PlayStation was among a slew of game developers and publishers that traveled to Santa Monica, Calif., to meet with a gathering of press and show off their games prior to next month’s E3. In the hours set aside for PlayStation 4 titles, there were more than a half-dozen games to experience, their developers to chat to, and the demo alone for “Dreams” ran more than 40 minutes. It walked attending press, one at a time, through the creation of music, gameplay, the mashing together of pre-created elements, and the making of your own.

“Dreams,” due out this year on the PlayStation 4,  is developer Media Molecule’s latest attempt at taking the complex, multi-layered process of creating video games and turning it into something as approachable as sketching. But even in its relative simplicity, it is complex.
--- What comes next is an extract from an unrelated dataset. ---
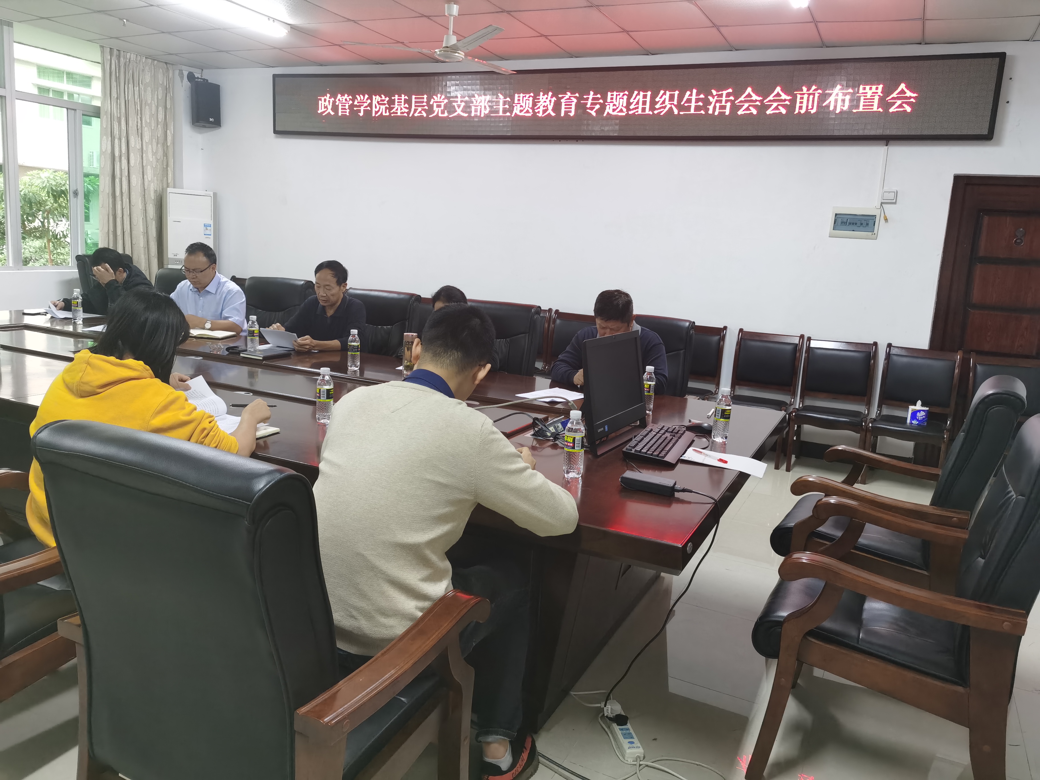 11月28日下午,政管学院基层党支部主题教育专题组织生活会会前布置会在社科楼A213会议室召开,政管学院各党支部书记出席本次会议。会议由党委书记王默忠主持。

With just a dozen or so minutes to spare, a Media Molecule spokesperson walked Variety through an abbreviated version of its demo, explaining the process of making games out of existing pre-created art, while slapping together a level in almost no time.

Where 2008’s beloved “LittleBigPlanet” muddied the content-creation waters slightly with a light backstory and central character, “Dreams” seems to do away with that notion entirely and instead focuses on granting even more control over creation.

Within minutes we were slapping together a level by dropping down a slab of pre-created land, and then cloning it, morphing it, resizing and rotating it until we had a small area upon which to run a pre-created character around. Next, we grabbed a single tree and cloned it, stamping new trees on the island, some much bigger, some much smaller. Then a second, smaller, finger of land was added, far from the first. Finally, grabbing a piece of art, we animated it as a sort of ferry between the two pieces of land simply by starting a record button, moving it along the path we wanted it to take and then stopping the recording. The result? Instant animation and a level created in under ten minutes.

While players will be able to use plenty of tools to create precise animation paths in their own levels, users can also simply move around the thing they want animated with a thumbstick to create movement that feels a bit more organic, and much harder to play. The level’s moving platform slowly moved across the screen before suddenly plummeting straight down and then jetting straight up and resuming its course. The result, with the physics automatically applied, was a cross that could easily toss players from the platform or shoot you off into the sky if they weren’t careful.

We didn’t get the 40 minutes most did with “Dreams,” and perhaps thanks to our fleeting time we were able to see just how powerful and effortless level creation can be in this dream machine, even if you only have ten minutes to play.